[SUPPLIED RECORDS — start]

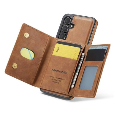 Mobildekselet tilbyr en komplett løsning for å beskytte telefonen din samtidig som brukervennligheten forbedres. Utstyrt med en avtakbar magnetisk lommebok med plass til kredittkort. Mobildekselet har integrerte magneter som holder lommeboken på plass. Mobildekselet har MagSafe-teknologi, som sikrer en trygg og effektiv tilkobling for trådløs lading. Lommebokens deksel kan brettes til en horisontal posisjon og fungerer som en stabil base for håndfri visning av videoer, videosamtaler eller lesing. Praktisk og enkelt å besvare samtaler eller la lommeboken være hjemme og kun bruke telefonen.
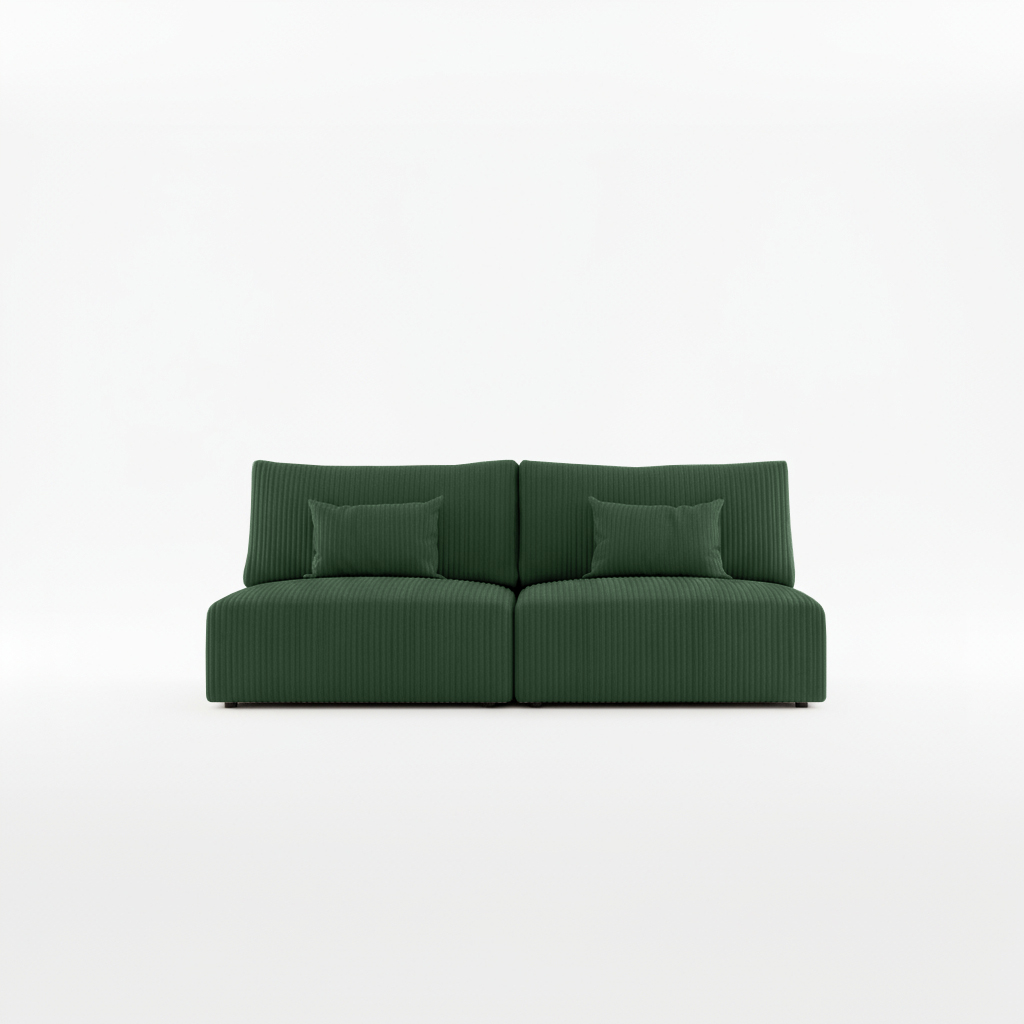 Jej prosta, geometryczna bryła doskonale wpisuje się w nowoczesne aranżacje. Głęboki odcień butelkowej zieleni nadaje salonowi elegancji oraz przytulności. Kolor ten pięknie komponuje się z drewnem lub metalowymi dodatkami w złotym kolorze. Charakterystyczna faktura sztruksu sprawia, że mebel jest niezwykle przyjemny w dotyku. Dzięki tapicerowanemu tyłowi kanapę można ustawić w dowolnym miejscu, czyniąc z niej centralny punkt każdego spotkania.
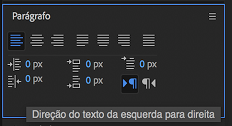 É possível alternar a direção do texto entre “Da esquerda para a direita” e “Da direita para a esquerda”. Para alterar a direção, clique nos botões de direção de texto no painel Parágrafo.
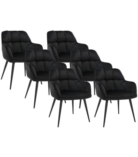 Lot de 6 chaises PEGA avec accoudoirs. Assise : Velours. Structure : Contreplaqué. Piétement : Métal noir. Coloris : Noir. Style: Charme. Dimensions : L58.5 x P62 x H78 cm. Assise : H47.5 cm. Glamour et confort sont au rendez vous avec les chaises PEGA ! ...
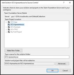 - Clique no projeto com o botão direito e selecione Source Control > Add Solution to Source Control...
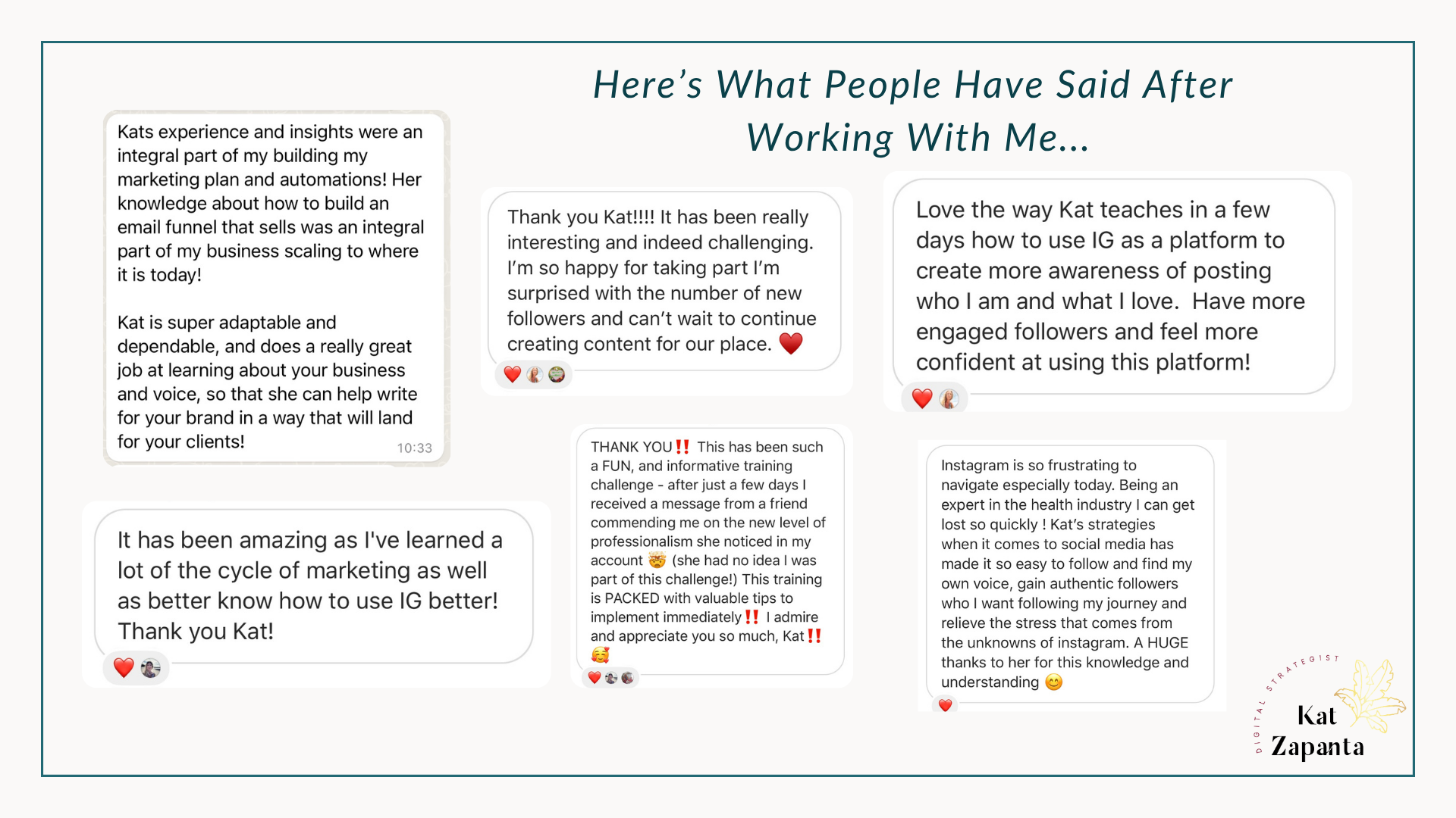 Kat is super adaptable and dependable, and does a really great job at learning about your business and voice, so that she can help write for your brand in a way that will land for your clients!”
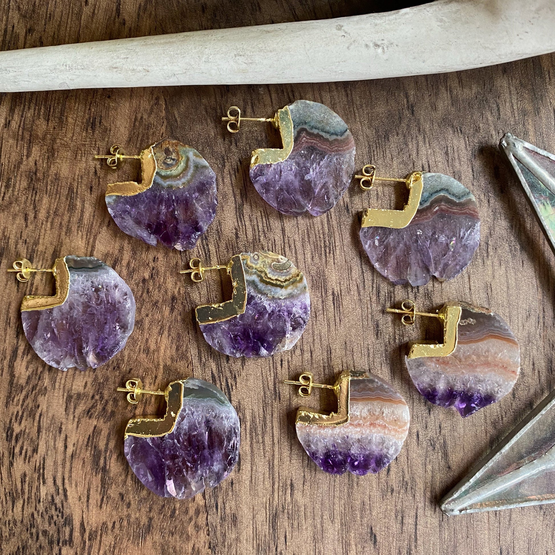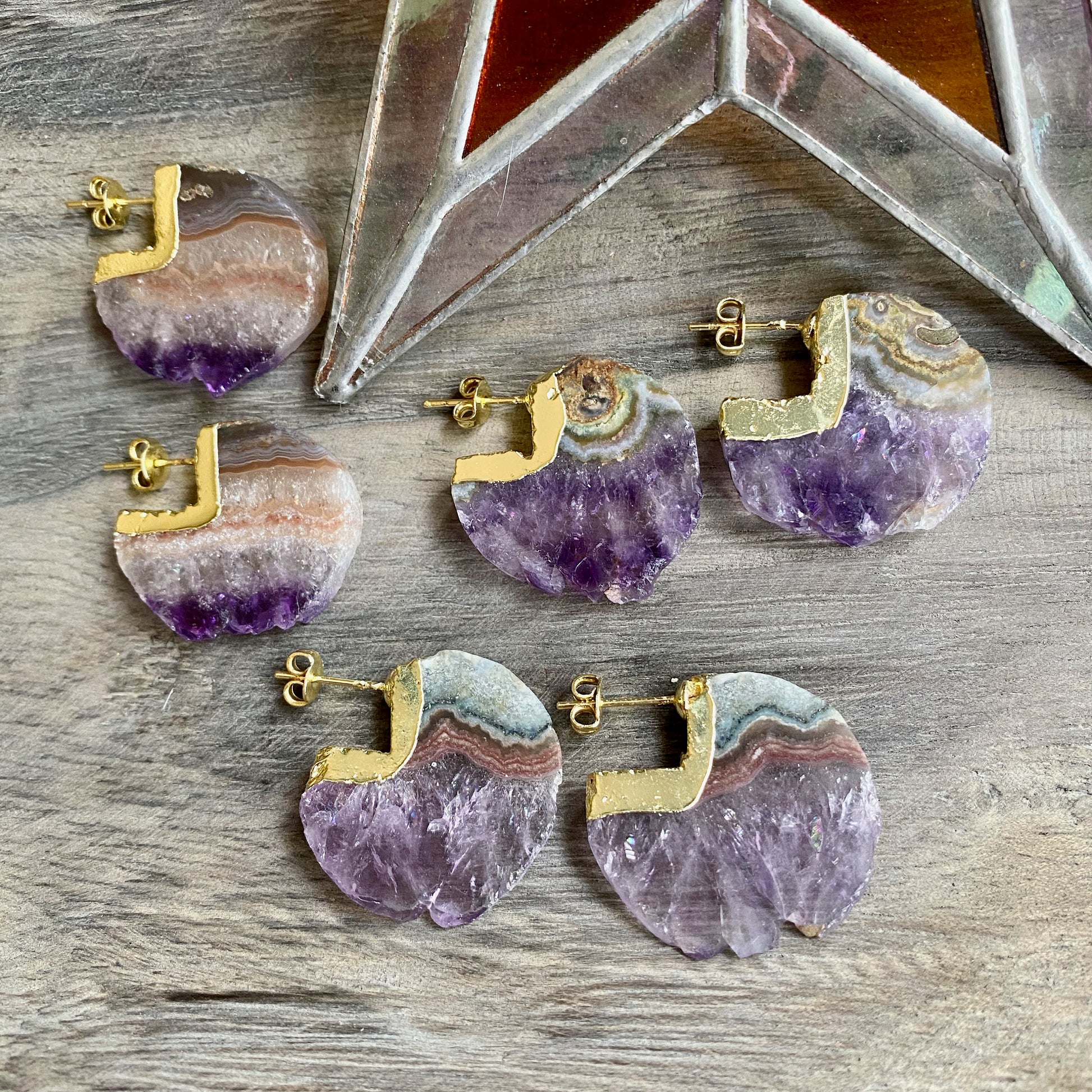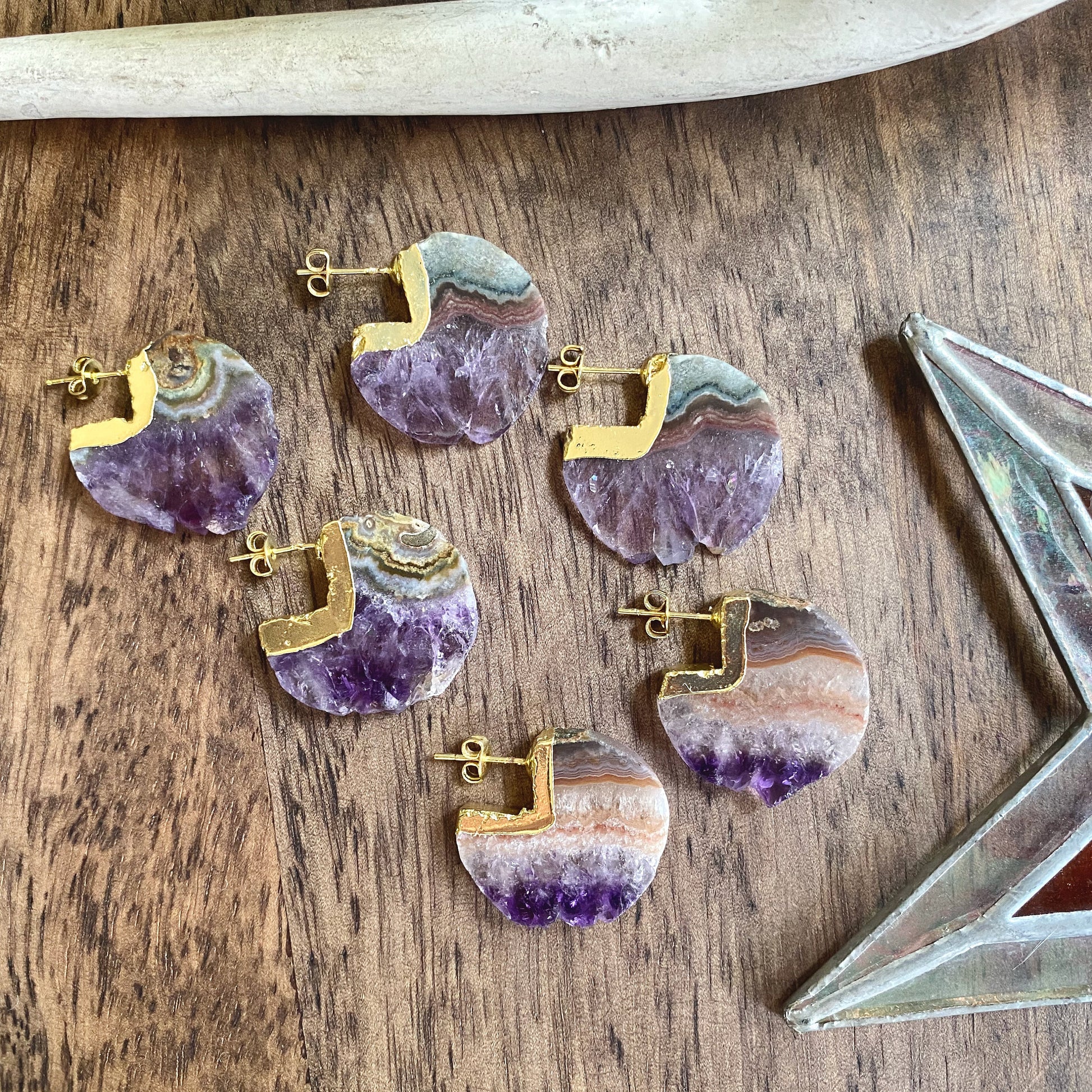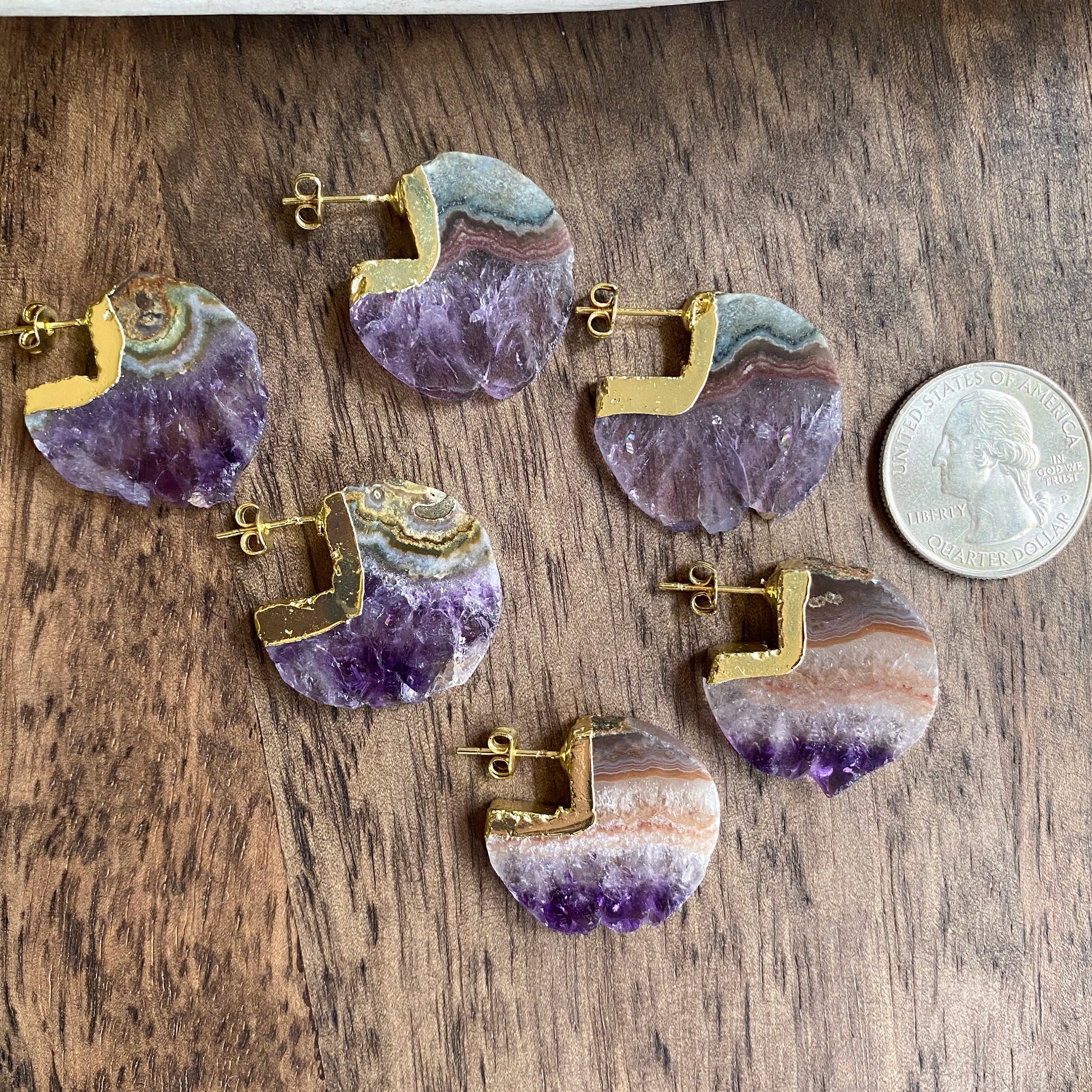 These amethyst crystal slices are buds from a column of amethyst stalactite that took millions of years to develop deep within a cave of mother earth. Stalactite amethyst has amazing layers of colors, ranging from soft white, mossy green, to peachy orange, culminating in captivating purple and lilac amethyst crystals.
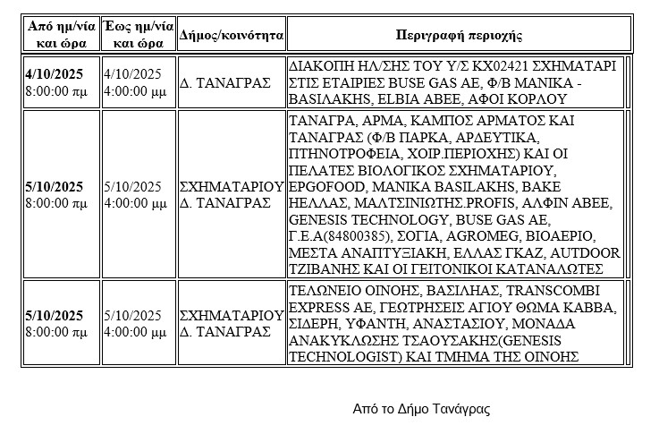 Ο Δήμος Τανάγρας ενημερώνει για προγραμματισμένες διακοπές ρεύματος που ανακοίνωσε η ΔΕΔΔΗΕ.
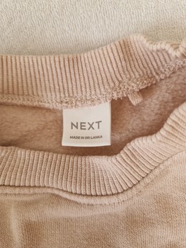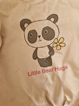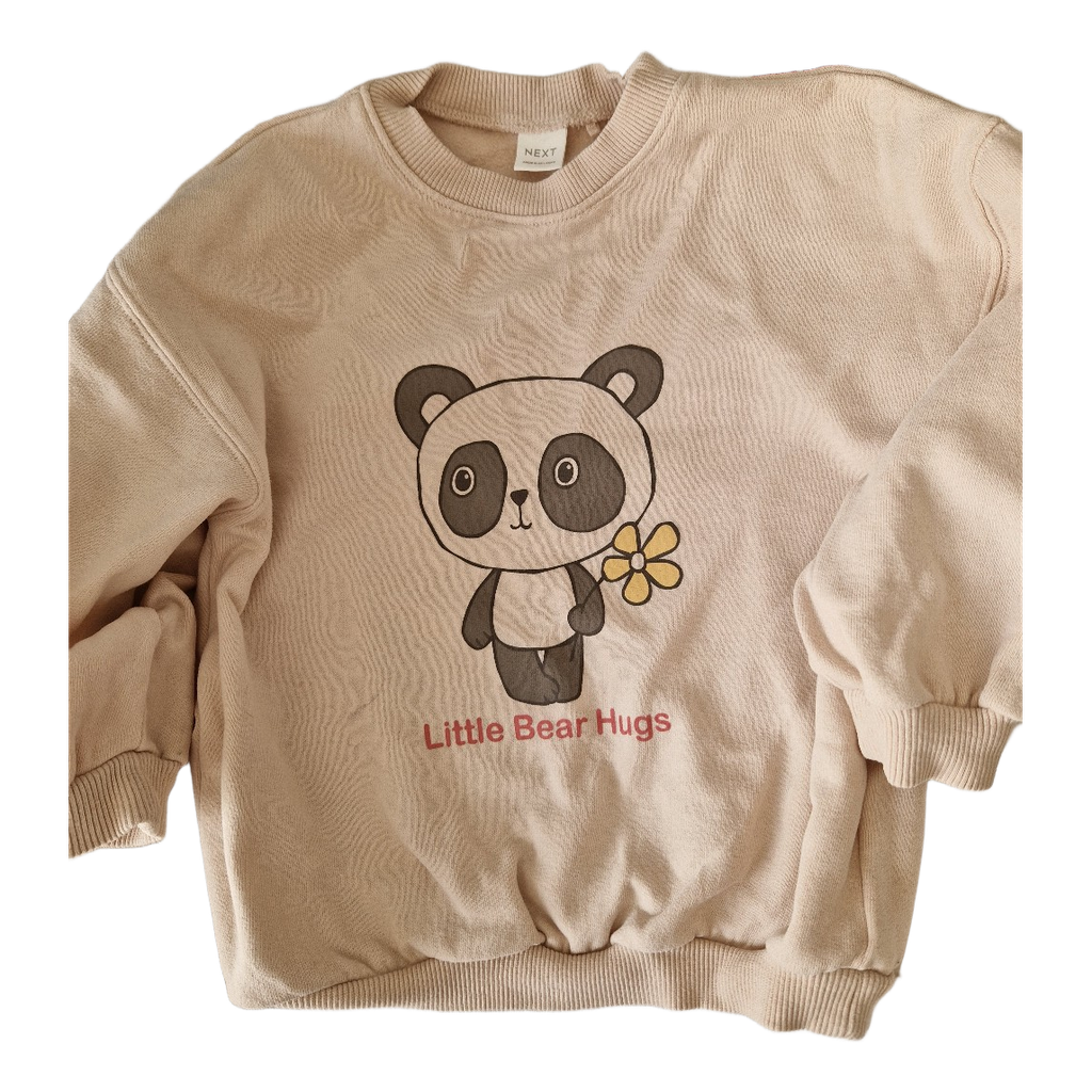 Beige sweatshirt with a panda graphic and Little Bear Hugs print. Made from a cotton blend. Size 110.

[SUPPLIED RECORDS — finish]

- DIRECTIONS:
In the listing above, the required lines run from the line with "Jej prosta, geometryczna" through the line with "É possível alternar". Output exactly those lines, omitting pictures.

- EXERCISE RESULT:
 Jej prosta, geometryczna bryła doskonale wpisuje się w nowoczesne aranżacje. Głęboki odcień butelkowej zieleni nadaje salonowi elegancji oraz przytulności. Kolor ten pięknie komponuje się z drewnem lub metalowymi dodatkami w złotym kolorze. Charakterystyczna faktura sztruksu sprawia, że mebel jest niezwykle przyjemny w dotyku. Dzięki tapicerowanemu tyłowi kanapę można ustawić w dowolnym miejscu, czyniąc z niej centralny punkt każdego spotkania.
 É possível alternar a direção do texto entre “Da esquerda para a direita” e “Da direita para a esquerda”. Para alterar a direção, clique nos botões de direção de texto no painel Parágrafo.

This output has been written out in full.